Os problemas do álbum começaram a ficar evidentes depois de uma segunda ouvida mais atenta. Já na primeira faixa -- pessoalmente a minha favorita junto com Runaway e Power -- é possível ler versos tão bizarros quanto esses:

Yeah, yeah, yeah, yeah
I fantasized 'bout this back in Chicago
Mercy, mercy me, that Murciélago
That's me the first year that I blow
How you say broke in Spanish? Mi no hablo

 

Entendeu o que esses versos dizem? Pois é, eu também não até pesquisar. Kanye começa o seu maior álbum, que definiu a sua discografia e trabalho, com versos totalmente aleatórios sobre o seu desejo de ter um carro de luxo e o seu péssimo espanhol. 

Nos mais de 60 minutos de álbum dá para pescar centenas de uso de figuras de linguagem de maneira besta, versos que quando não são simplesmente idiotas são nojentos ou até ofensivos, referências a fofoquinhas de tabloides de quinta... a lista de estupidez presente no álbum é infinita, o que fala mais do autor do que qualquer coisa. É muito aparente que o Kanye não estava batendo bem, e isto não ajudou o álbum a ser bom. Pelo contrário, fizeram com que muita das boas ideias fossem ofuscadas.
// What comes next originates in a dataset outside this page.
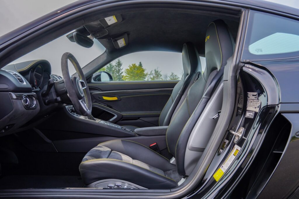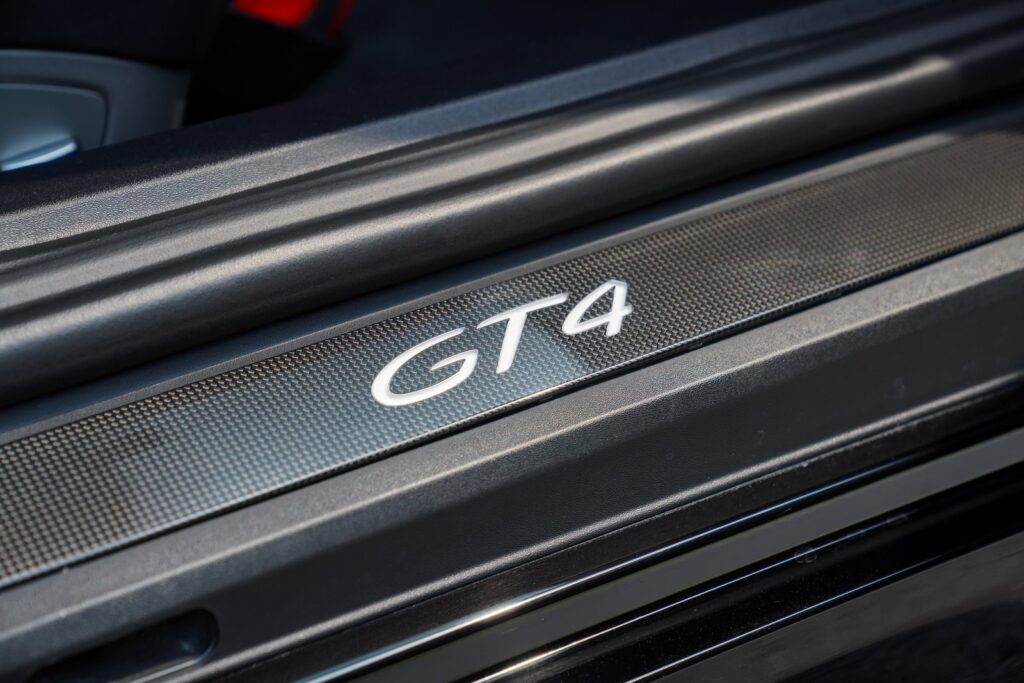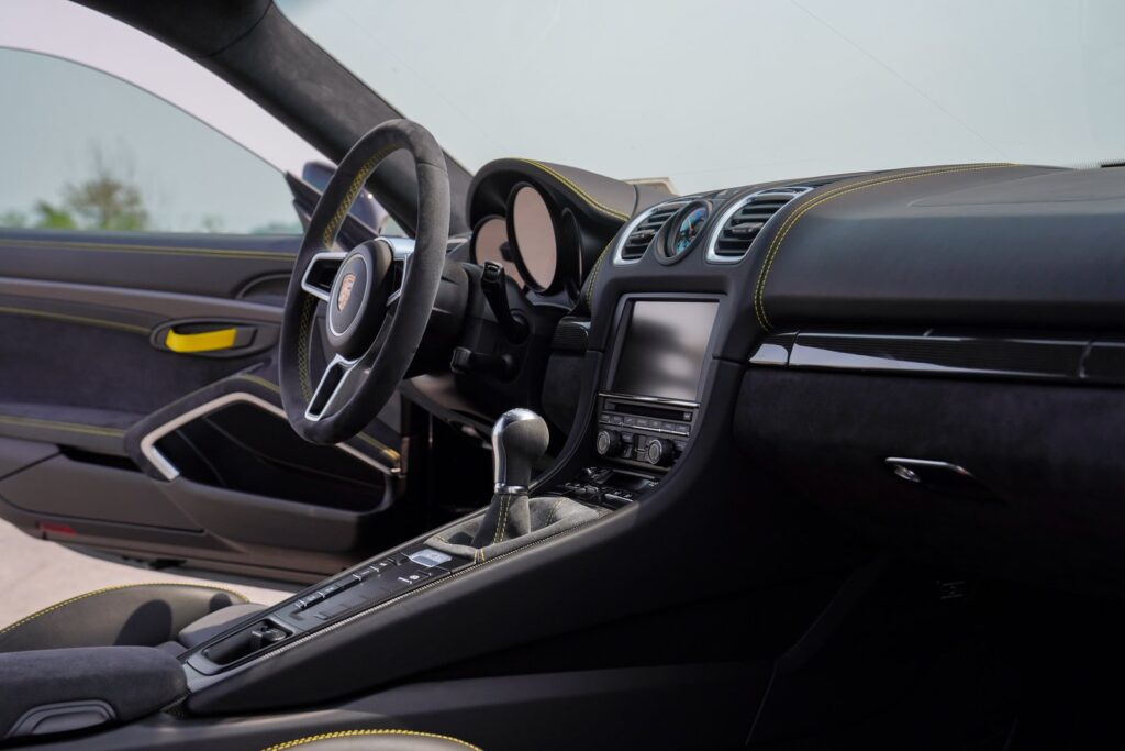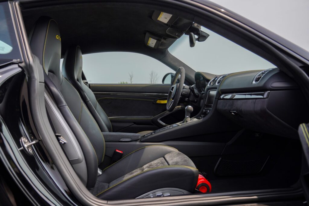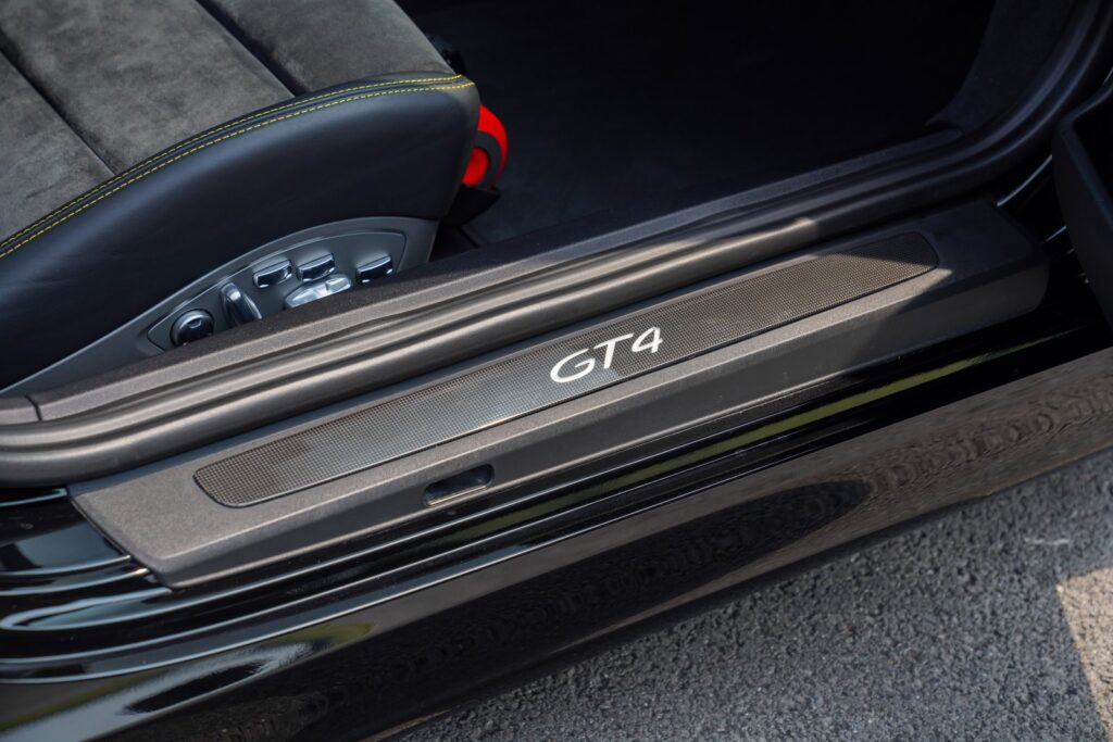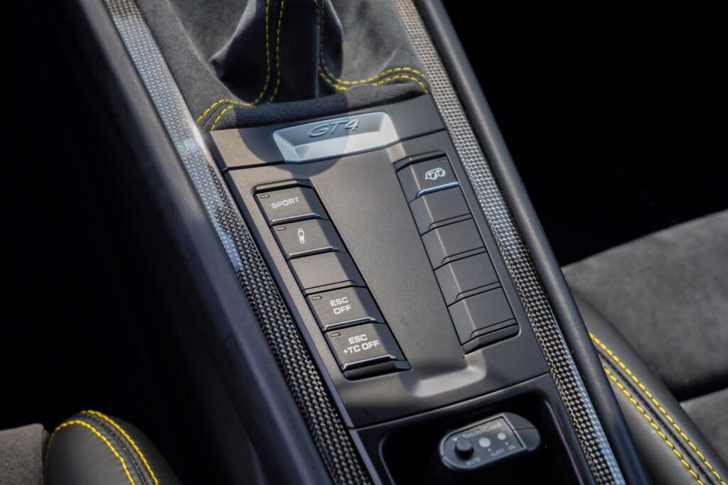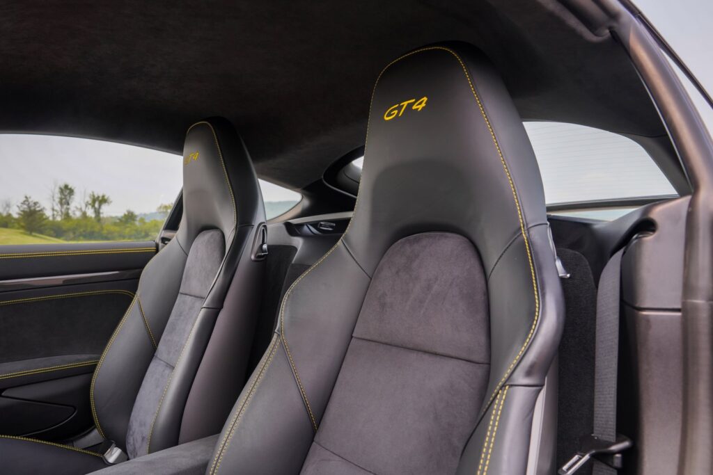 The 18-way power-adjustable Adaptive Sport Seats Plus are trimmed in Black leather and Alcantara with Racing Yellow stitching and “GT4” headrest embroidery. Matching hide and thread extend to the dashboard, shift boot, and door panels, while carbon-fiber trim adorns the dash, center console, and doors. Further appointments comprise Porsche Communication Management (PCM) with navigation as well as dual-zone automatic climate control, cruise control, the Light Design Package, and illuminated GT4-branded carbon-fiber door sill guards. A fire extinguisher is mounted in the passenger footwell.

Alguns dos momentos mais geniais do Kanye também estão presentes, no entanto. Os primeiros versos de Power falam por si:

I'm living in that 21st century, doing something mean to it
Do it better than anybody you ever seen do it
Screams from the haters got a nice ring to it
I guess every superhero need his theme music

 
Apesar do óbvio egocentrismo, o conjunto de fatores como o sample da música 21th Century Schzoid Man do King Crimson, o tom épico e a performance vocal do Kanye entregam um poderoso discurso de superação e desejo de transcender o próprio estilo, nesta faixa. (West disse que pensou em artistas como Davinci para fazer essa música; claro, não se compara, mas o desejo de chegar sempre no ponto mais alto tem de ser admirado em qualquer artista.)

Até a faixa All of the Lights (cujo o intelúdio é uma das melhores partes do álbum), não se tem do que falar de muito mal sobre My Beautiful Dark Twisted Fantasy. A combinação de hip-hop e rock (muito bem representada na guitarra de Gorgeous), as orquestrações e alguns bons versos carregam o que há de ruim no álbum. Não é perfeito, mas não é irrazoável, devido às suas proporções épicas, dizer que é o melhor álbum da década até aqui. O problema começa depois disso.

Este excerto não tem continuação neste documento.